* Stored data
⟨

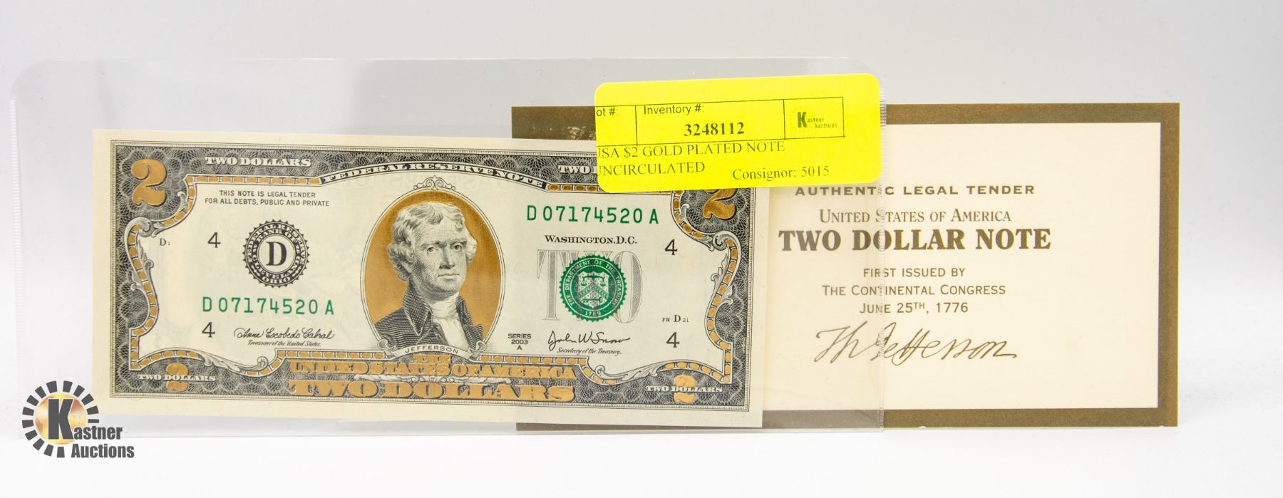 USA $2 GOLD PLATED NOTE UNCIRCULATED
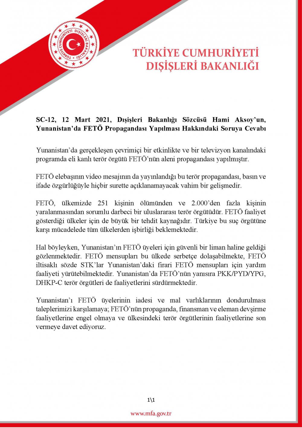 Dışişleri Bakanlığı Sözcüsü Hami Aksoy, Yunanistan'daki bir televizyon programında terör örgütü FETÖ'nün propagandasının yapılması üzerine yazılı bir açıklama yayımlayarak tepki gösterdi.
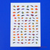 熱帯魚のイラストの転写ネイルシールです。 画面上、白地に見える部分は実際には透明になります。 貼り付けたときには、写真とは左右反転します。 エンゼルフィッシュ、レッドミッキーマウスプラティ、ブラックゴーストなど色鮮やかな熱帯魚のイラスト12種をサイズにバリエーションをつけて収録しました。 全94点(サイズ大 24点、サイズ小 70点) 絵柄のサイズ サイズ大 長辺10〜12mm、サイズ小 長辺8〜10mm ネイルに貼り付けることを想定したサイズにしてありますが、それ以外にも肌に貼ってタトゥーシールにしたり、プラスチックや金属など表面がなめらかなものに貼り付けたり、レジンに封入したりとさまざまな活用ができます。 必要な部分を切り取り、透明フィルムをはがして貼り付け、濡れたティッシュやコットンで湿らせてから紙をすべらせてはがしてください。 爪に貼った場合、トップコートを塗るときれいに仕上がります。 【素材】 市販の転写シール 透明タイプ 【サイズ】 幅100×高さ148mm(はがきサイズ) 【購入の際の注意点】 表面の粗いものにはきれいに転写できません。 色の濃いものに貼り付けると、地の色に負けてシールの色が目立たくなってしまうので、白または薄い色の上に貼ってください。 水を使って転写させるため、紙など水に弱いものには転写できません。 肌に転写した場合は一日を目安にはがしてください。 シートは湿気を吸いやすい性質があるので、なるべく早めにお使いください。 このシートを使用して制作したオリジナル作品の販売はOKです。 シート自体の転売やコピーはおやめください。

⟩

* Assignment
An exact copy is needed of the lines from the start of the listing through the line with "Dışişleri Bakanlığı Sözcüsü", both end lines included and pictures excluded.

* Result for this task
 USA $2 GOLD PLATED NOTE UNCIRCULATED
 Dışişleri Bakanlığı Sözcüsü Hami Aksoy, Yunanistan'daki bir televizyon programında terör örgütü FETÖ'nün propagandasının yapılması üzerine yazılı bir açıklama yayımlayarak tepki gösterdi.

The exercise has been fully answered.